Passive things you can work on sort of… as other things go:

Re-arrange the finance guys desktops, so they can’t quickly find the docs when they leave their workstation unlocked. A simple right click, arrange by, and whatever madness you’re feeling in the moment.
You’d be happy to add personal devices to the domain so you can install the AV and GPO on it, but that’s the only way they’re getting on the network. The whole company will be asking for corporate laptops, and you can just direct them to whoever’s in charge of your budget.

That’s my thought process. Should keep you busy until September.

Dynamic_Gravity · May 25, 2022, 10:40pm

I would say patching takes precedence before building out DR.

DR can be a time sink, especially since they don’t currently have one.

And while the pain of downtime is there for patching it is the fastest way to go from insecure to secure.

Right now their entire infra is a big honeypot that is only safe because of obscurity or the main firewall.

Other than than that the order would be the same.

Well spoken, Sgt.

SgtAwesomesauce · May 25, 2022, 10:43pm

Yeah, hindsight, I figure that’s probably a better priority.
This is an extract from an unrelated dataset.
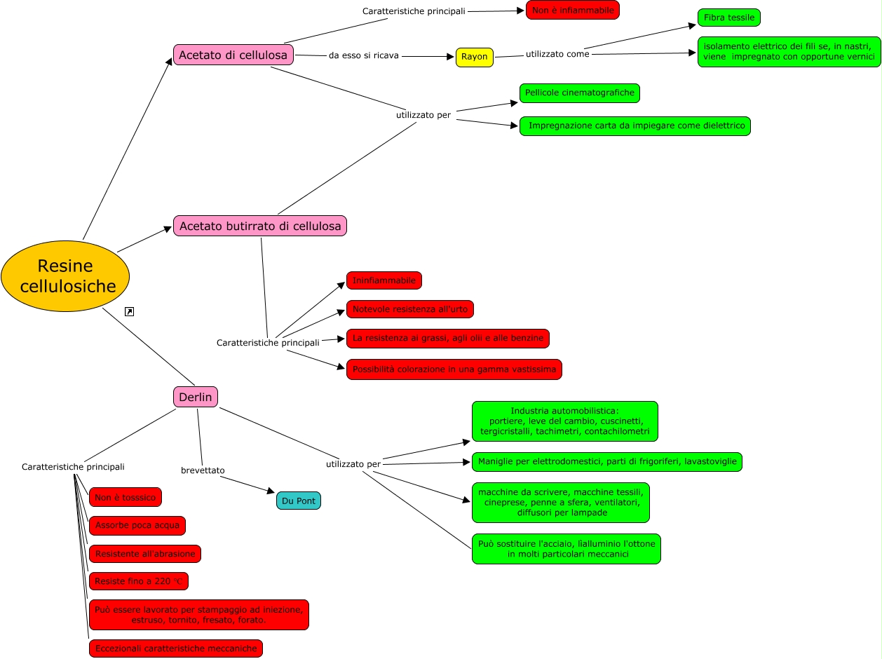 Questa Cmap, creata con IHMC CmapTools, contiene informazioni relative a: Resine cellulosiche, Resine cellulosiche Acetato di cellulosa, Derlin utilizzato per Può sostituire l'acciaio, lìalluminio l'ottone in molti particolari meccanici, Rayon utilizzato come Fibra tessile, Derlin utilizzato per Industria automobilistica: portiere, leve del cambio, cuscinetti, tergicristalli, tachimetri, contachilometri, Derlin brevettato Du Pont, Acetato di cellulosa utilizzato per Pellicole cinematografiche, Acetato butirrato di cellulosa Caratteristiche principali Ininfiammabile, Acetato di cellulosa utilizzato per Impregnazione carta da impiegare come dielettrico, Derlin Caratteristiche principali Non è tosssico, Acetato butirrato di cellulosa utilizzato per Pellicole cinematografiche, Acetato di cellulosa Caratteristiche principali Non è infiammabile, Rayon utilizzato come isolamento elettrico dei fili se, in nastri, viene impregnato con opportune vernici, Acetato butirrato di cellulosa utilizzato per Impregnazione carta da impiegare come dielettrico, Derlin Caratteristiche principali Resistente all'abrasione, Derlin Caratteristiche principali Resiste fino a 220 °C, Acetato butirrato di cellulosa Caratteristiche principali Possibilità colorazione in una gamma vastissima, Derlin utilizzato per Maniglie per elettrodomestici, parti di frigoriferi, lavastoviglie, Acetato butirrato di cellulosa Caratteristiche principali Notevole resistenza all'urto, Resine cellulosiche Acetato butirrato di cellulosa, Acetato di cellulosa da esso si ricava Rayon

Only reason I recommended DR first is because backups are useless without a recovery plan to make use of them.

Dynamic_Gravity · May 25, 2022, 10:46pm

Yeah that makes sense.

I think the proper priority would be in the sense of:

Do stuff that prevents bad actors from getting inside your network

If they get inside, lock it down to where what they want to do is impossible/difficult

patching
permissions
isolation

If they find out a way to do what they want to do have DR ready to go should you need to do a black start or they wipe your backups.
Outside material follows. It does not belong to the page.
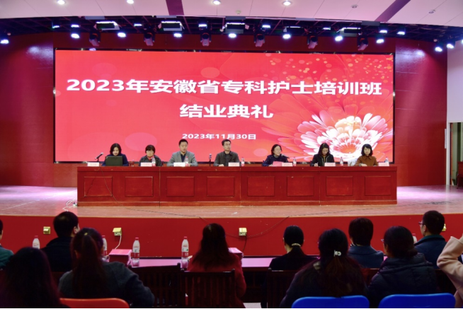 11月30日上午,由安徽省卫生健康委、省护理学会主办,我校护理学院协办的安徽省第十三期专科护士培训班顺利结束,结业典礼在我校南校区举行。省卫健委医政医管处主任科员胡声锁,省护理学会理事长武义华、副理事长张建凤、副理事长兼秘书长李志菊,我校护理学院党委书记薛磊、院长洪静芳出席典礼。

That would be the general flow for risk assessment. I am not a SecOps guy though so someone more knowledgeable than me please feel free to correct. But as I understand it that would be a good starting point for risk assessment.

oO.o · May 25, 2022, 11:22pm

I would backup before patching because it’s likely patching will break things.
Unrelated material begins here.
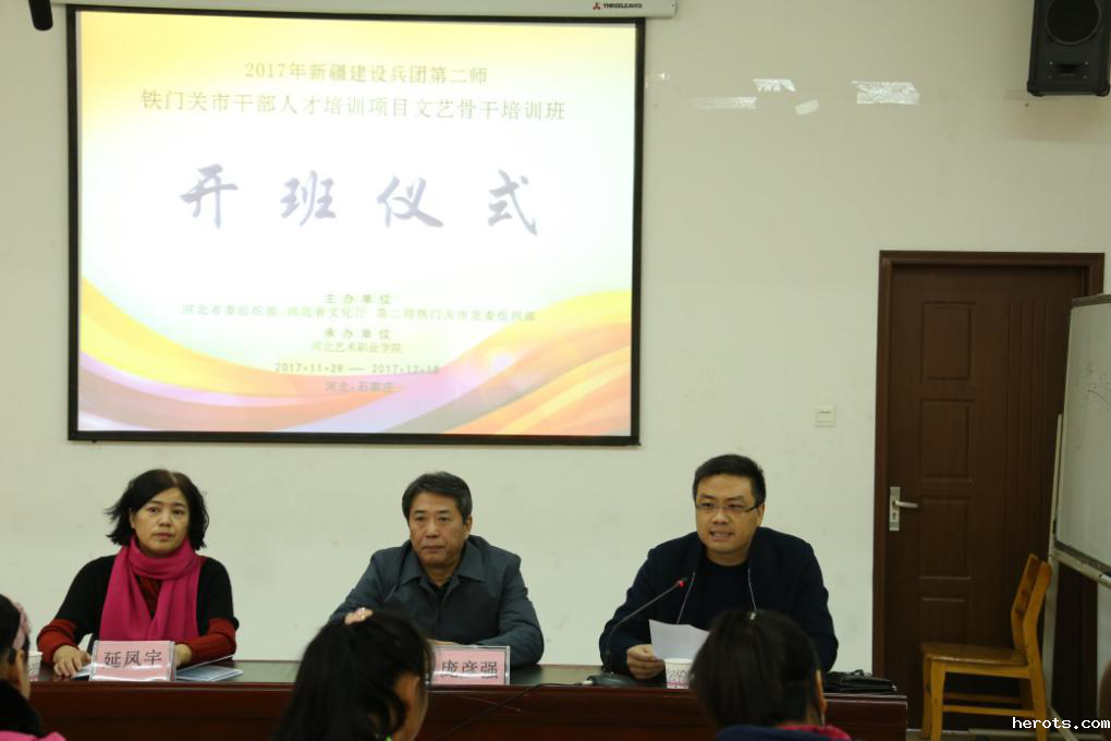 11月30日上午,由河北省委组织部、河北省文化厅主办,学院承办的“2017年新疆兵团第二师铁门关市文艺骨干培训班”在综合楼十一楼会议室举行开班仪式。学院院长庞彦强、党委副书记延凤宇,省文化厅人事处副处长商明凯以及党政办、社教部等部门相关人员出席开班仪式,延书记主持开班仪式。来自新疆兵团二师铁门关市各基层单位的文化骨干33名学员开启了为期20天的培训生活。

Mastic_Warrior · May 26, 2022, 12:02am

The SecOps (CISSP here) approach that I would take is get backups first and then once you trust them, then patch. If the bad actors are already in, your information has already been leaked. And if you patch it and break, now they have the only viable “backups” to your data.

Depending on your CISO or CIO’s policy, you can then start patching the system on a UAT environment using those backups and test it before you break it in production. At this point, the priority should to get a DR policy in place because the worst possible situation should be assumed.

2FA is only valid if the people on your network can be trusted. Remember the CIA Triad. If the people are that careless about what they are using at work and are already using personal assets, more than likely, their other assets that they would use for 2FA are also compromised.

Again, from a CISSP perspective, I would assume the worst, build a snapshot in time to be able to undo anything that I bork in the sake of “fixing” things, and then once I have that, then purposefully start restoring order (breaking things) to keep those on the outside out. After that, I would then start preventing inside actors.

I mean, there is a lot more that I would do, but the above should keep you busy and allows you to do your due diligence as a sysadmin until your CIO/CISO can come up with some real policies that give you the authority to start making things more secure.

oO.o · May 26, 2022, 12:07am

I get the impression that there isn’t one…

SgtAwesomesauce · May 26, 2022, 1:02am

Im operating on the assumption that they’re already there.

oO.o · May 26, 2022, 2:56am

Might be worth throwing a transparent filtering bridge in front of the gateway just to get some block lists in place and optionally suricata or something. Can do that without touching any existing config whatsoever.

Mastic_Warrior · May 26, 2022, 2:41pm

I assume so too, otherwise, that person should be fired.

@thunderysteak If there is an acting one, then that is the person that you need as your biggest ally.

If nobody is assuming that role, this could be a shoe in to get into the C-suite early, if you intend on staying there for the long haul.